The ambiguity is intentional. By entertaining the Saab Gripen—a Swedish alternative that could be manufactured domestically in Canada—Ottawa has placed a multi-billion-dollar bullseye on U.S. defense manufacturing jobs. In the transactional world of the Trump administration, $28 billion flowing into American factory towns is a powerful sedative against protectionist impulses. It is an offer Carney hasn’t made yet, but one that every lobbyist in Washington knows is on the table.

Pension Power and Political Calendars
The final two cards are subtler but no less lethal. Canada’s pension funds—among the largest institutional investors on the planet—manage hundreds of billions in American infrastructure and real estate. Mr. Carney, a veteran of Goldman Sachs and the Bank of England, understands how to frame this as a “win” for the Trump base: Canadian capital can rebuild American roads, but only if Canadian steel is allowed to build them tariff-free.

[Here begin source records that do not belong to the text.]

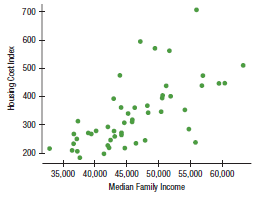 The Office of Federal Housing Enterprise Oversight (www.ofheo.gov) collects data on various aspects of housing costs around the United States. Here is a scatterplot of the Housing Cost Index versus the Median Family Income for each of the 50 states. The correlation is 0.65.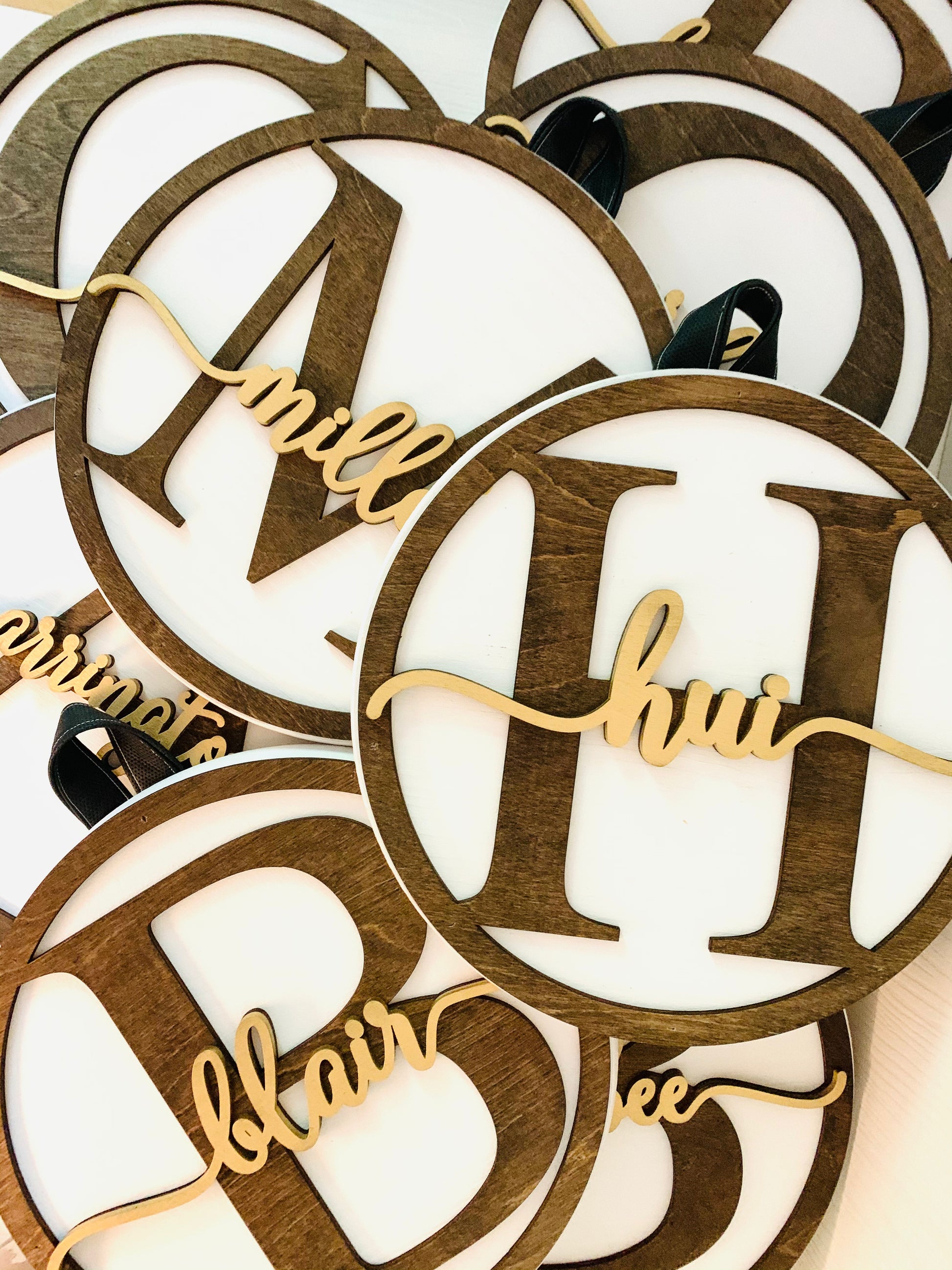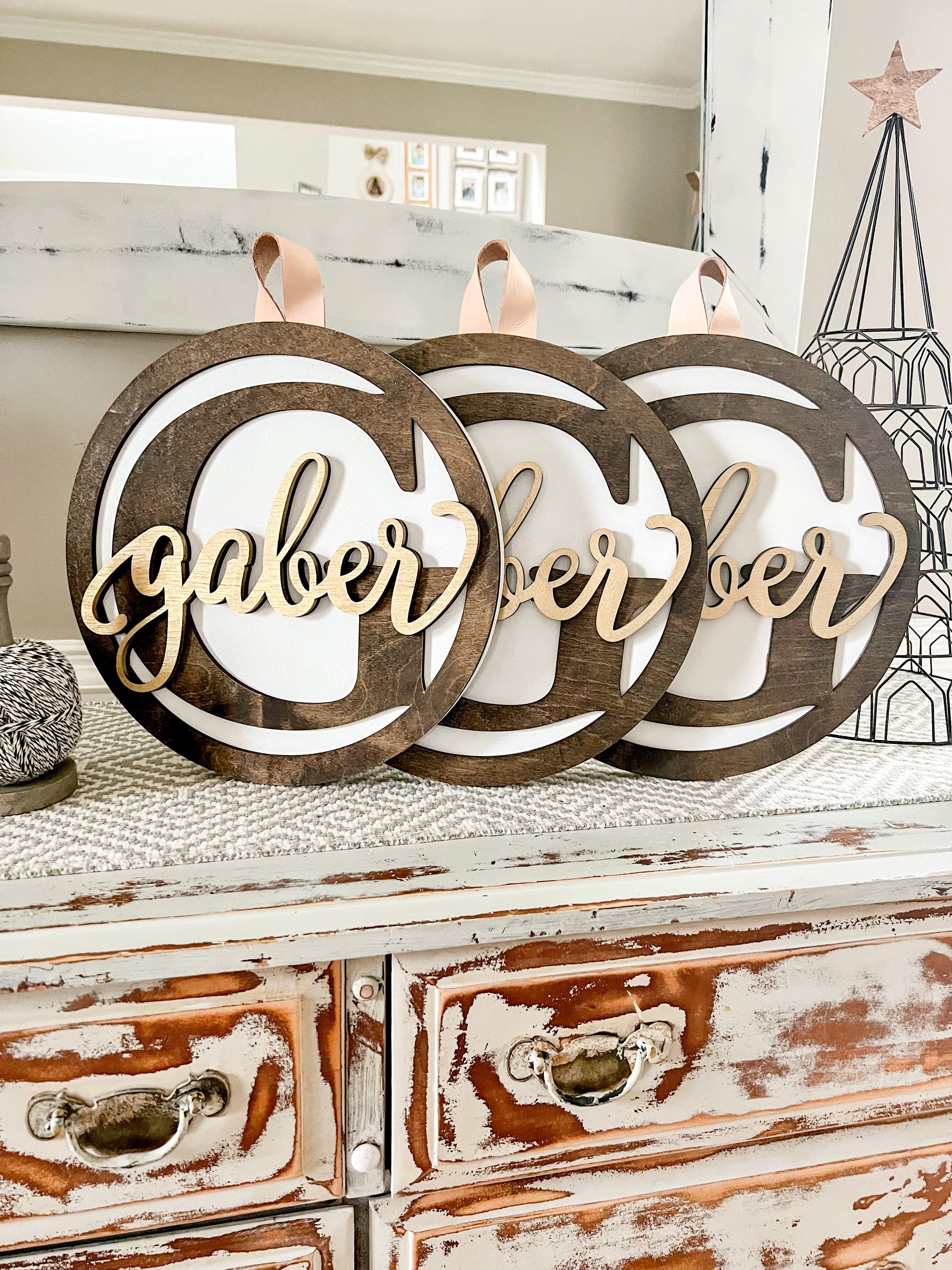Petite round monogrammed sign. Great wreath topper, shelf, or wall decor.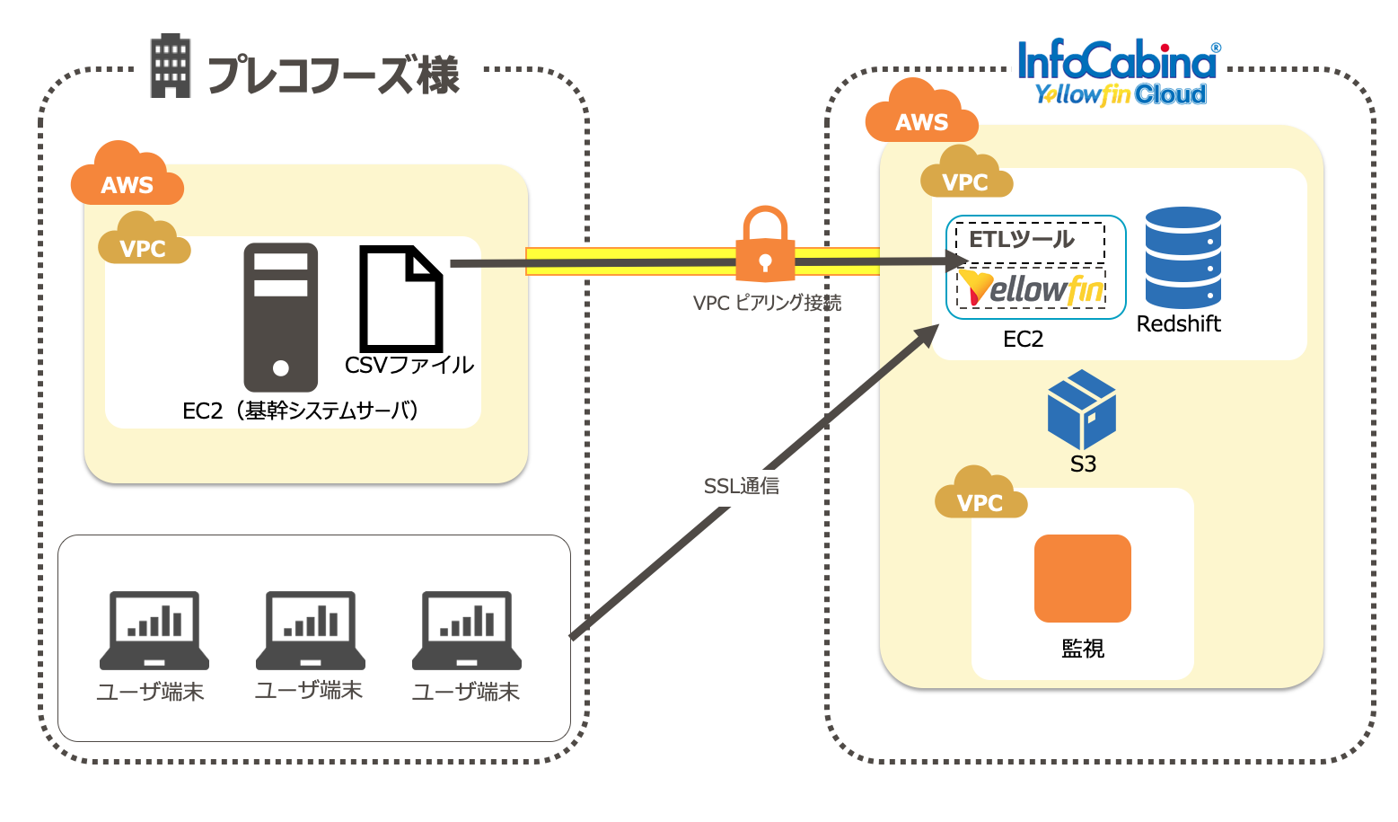InfoCabina Yellowfin CloudはBIツールのYellowfinをクラウドで提供するだけのサービスではありません。データ連携のためのETLツールとデータを格納するデータベース(Amazon Redshift / RDS)をパッケージ化し、オールインワンで提供。「このソリューションを活用すれば初期のレポート作成費用だけですぐに始められ、スケールアップも容易です。私たちが挙げた条件を満たしていたことから、InfoCabina Yellowfin Cloudを導入することに決めました。」(田中氏)

Finally, there is the card of the calendar. The U.S. midterm elections in November represent a ticking clock for the Republican Party. With 60 percent of Americans already opposing tariffs and expressing anxiety over the cost of living, every month Canada holds out is a month that the political price of a trade war rises for vulnerable GOP incumbents.
Conclusion: The Art of the Hold
The risks for Canada are visceral. GDP has contracted, and unemployment sits at a stubborn 6.7 percent. The Bank of Canada is paralyzed by the inflationary ghost of the Middle East conflict. To walk away from KUSMA would be to court a recession that could define a generation.
Yet, Mr. Carney appears to be betting on the fact that while Trump likes to talk about “the deal,” Canada is the one holding the infrastructure of the American economy together. At the World Economic Forum in Davos, Carney remarked that “patience wins.”
As July 1st approaches, the world is watching to see if this former central banker will blink. But for the first time in decades, the person sitting across from the American President isn’t just asking for a seat at the table—they are the ones who built the table, and they are prepared to walk away from it if the terms aren’t right.